A few weeks ago, the Cracking the Code team sat down for a thrilling and by turns terrifying livestream with the amazing Michael Angelo Batio. We say terrifying, not just because Batio’s famous blade-like precision has lost none of its cutting edge after all these years, but also thanks to the nerve wracking panic of capturing it all as a live broadcast right as it happened.
Here’s how we did it.
As with microphones, preamps, and converters in audio recording, the resulting video quality of any live broadcast will depend greatly on the quality of the video signal you feed it. For our master studio shot, we used one of the best of the current generation of full-frame, 4K-capable mirrorless cameras, the Sony A7S II:
For the closeup shots, we employed two Panasonic GH4s, a smaller “micro four-thirds” sensor camera that was one of the first to bring a 4K image and video-centric feature set to the prosumer market. Though it was introduced over three years ago, the GH4 still delivers what you’d consider a cutting-edge picture when it is properly exposed, and particularly when its 4K output is downscaled to a more broadcast-friendly 1080p HD, as we did for our livestream:
In fact, despite their branding as “HD” cameras, previous generation DSLRs like the ubiquitous Canon 5D and Rebel lines don’t actually deliver 1080 HD-levels of detail, but rather something closer to 720 vertical lines of resolution. The more detailed 1080 version of the HD format is referred to euphemistically as “full HD” in videography parlance, presumably to leave some marketing wiggle room for the 720 format to share the HD moniker. And while 720 is indeed greater than the 480 vertical lines of SD television and DVDs, and thus, still defensibly “high-definition”, the difference between consumer 720 and professional 1080 will be obvious to even a casual observer who compares their weekend soccer practice footage with the hyper-detailed look of the typical high-definition sports broadcast.

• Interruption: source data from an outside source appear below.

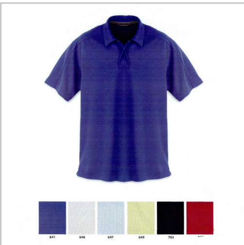
Product #: 88617

North End - Men's bamboo charcoal sport knit top.
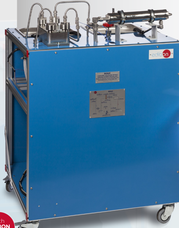
ROUC Computer Controlled Reverse Osmosis/Ultrafiltration Unit
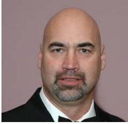
Rear - Commodore's Report March Log
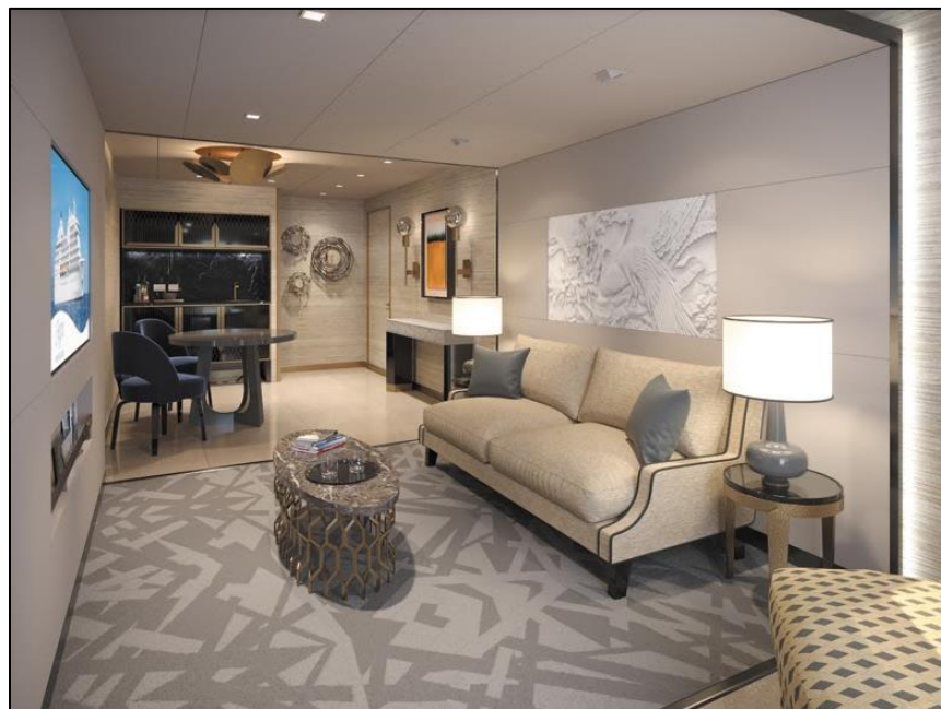
Seven Seas Suite

Seven Seas Suite. This sanctuary offers more than 800 square-feet of exquisite space, and exudes a cosmopolitan apartment feel with a soothing color palette complimented by plush furnishings. The suite flows effortlessly from living room to dining area to bedroom, with sliding glass doorways leading to a spacious private balcony. A magnificent marble bathroom sits adjacent to the oversized bedroom and large walk-in closet.
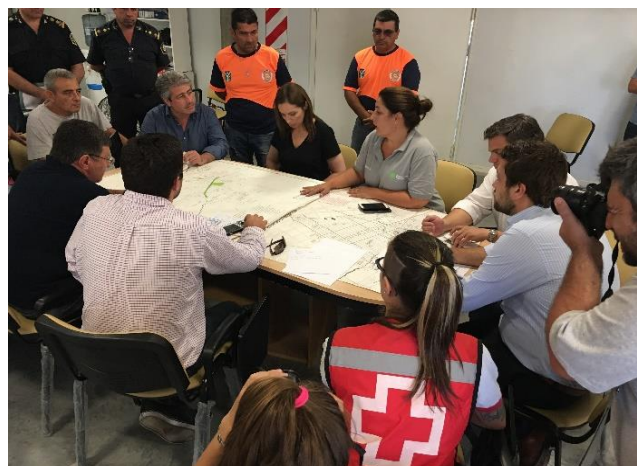
Participation in the Municipal EOC, together with the provincial governor, the mayor and other local and provincial authorities. 27 December 2016.

On 26 December 2016, a Red Alert was formally declared for the country network following heavy rainfall that caused flooding in northern provincial areas. Since the ARC does not have a branch in Pergamino and there were media reports of flooding in the area, a volunteer from the National Intervention Team (NIT) and the National Operations Coordinator travelled to the city of Pergamino to carry out rapid assessments.

Television sports are still, for the most part, Full HD. They are also occasionally Full HD broadcast as 720, further complicating comparisons, but nevertheless preserving some of the hyper-detailed look of the original footage through intelligent downscaling algorithms. It’s just that consumer cameras, regardless of format, are often neither. Even held steady on a tripod and filming a static subject, DSLRs like the Rebel are lucky to deliver 720 lines of actual resolution, regardless of the number of vertical lines in the files they record. Their smudgy image may be flattering for closeups, but often fail to deliver that “you are there” feeling on detailed wide shots like you’ll get from an NFL broadcast.

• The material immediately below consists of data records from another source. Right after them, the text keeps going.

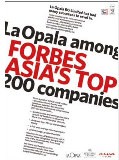
La Opala features in the Forbes list of Asia's 200 best companies with sales under $1 billion.

The impact of a multi-brand marketing strategy is said to have placed La Opala at the forefront of Indian glassmakers in terms of turnover according to latest industry statistics. With customers throughout the world,
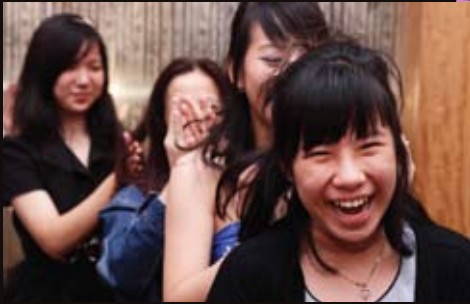
Smiles and laughter all around
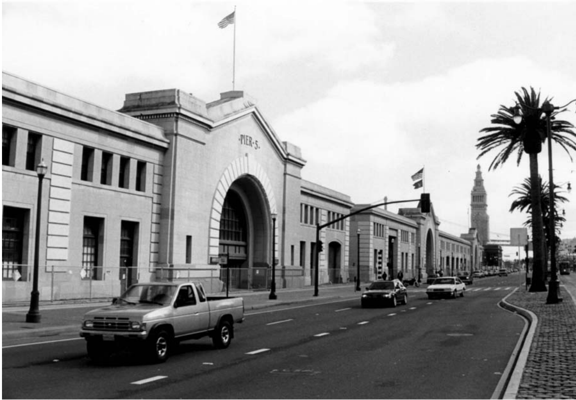
Photo 13. Piers 5 and 3, Ferry Building: Embarcadero facades, view southeast; Port of San Francisco Embarcadero Historic District. Roll BRV-2, Negative 28.

Capture Big, Deliver Small
So it’s clear that not all HD is created equal. In fact, you may be surprised to learn how it is created in the first place. Many of the best HD cameras, like the much-vaunted Arri Alexa used nearly ubiquitously on Hollywood and television productions, benefit from capturing images with greater-than-HD levels of detail. Even Canon’s own excellent C300 professional HD camera, which was released way back in 2011, utilized a sensor which captured 4K for certain colors, and then strategically reduced that resolution later on in the image processing pipeline.
For various technical reasons better explained by an electrical engineer than a guitar player, this process produces an image which is generally more detailed than that produced by HD cameras which employ only HD-capable image sensors. It also reduces noise and increases color bit-depth at the same time. All of this assists in producing that surreal sense of “looking through a window” clarity that the best modern video cameras offer.
From an audio perspective, you can think of this a little like the difference between recording in 44.1khz versus 96khz. Various technical processes, like the low-pass filtering necessary to prevent frequency aliasing, make for arguably more natural treble rolloff in a 96khz pipeline than even the best 44.1khz pipeline. In fact, video cameras often employ low-pass filters for precisely the same reason, to prevent fine details in the scene, such as the fabric weaves in clothing and upholstery, from producing false patterns and color in the resulting image. The blurring effect of these filters will be less noticeable when reducing a larger image to a smaller one for final delivery.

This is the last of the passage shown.